У Андерсена нет и следа ложной красивости.
Суровая старуха, мать четырех ветров, похожая на датскую домовитую крестьянку, для острастки сажает своих разбушевавшихся сыновей в мешки, самые обыкновенные, большие и прочные мешки.
Лесной царь чистит свою золотую корону толченым грифелем, а для этого необходимы грифели первых учеников.
Хлопья метели, кружащиеся у ног снежной королевы, превращаются, разрастаясь, не в серебряных лебедей, а просто-напросто в крупных белых кур.

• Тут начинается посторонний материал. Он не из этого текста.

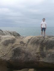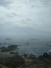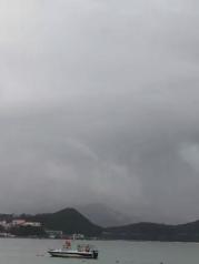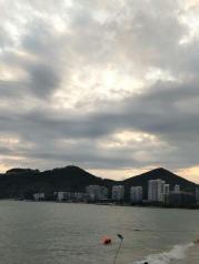 来大东海的时候赶上台风,连下海都不行只能看看,风景不错,亮点是傍晚在海边吃饭的时候天空和大海突然变成了很浓很漂亮的蓝色,就像被颜料染了似的,我看到这景色立刻放下筷子拿手机把那一刻拍了下来。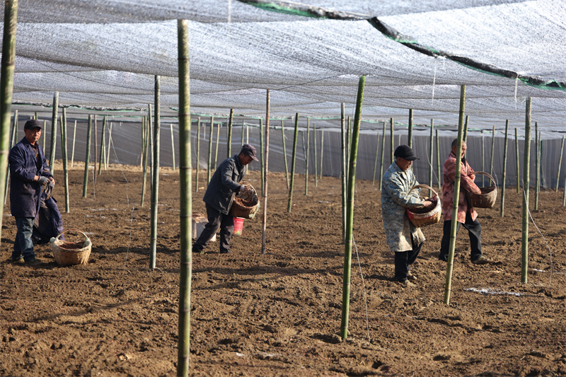 村民们播撒菌种

Впрочем, есть в сказках Андерсена и лебеди. Но один из самых прекрасных лебедей появляется перед нами в образе «гадкого утенка», которому приходится переживать столько гонений и бедствий, выслушать столько брюзгливых поручений от благонравной курицы и самодовольного кота. И только в самом конце сказки он раскрывает широкие лебединые крылья и узнает, что он — лебедь.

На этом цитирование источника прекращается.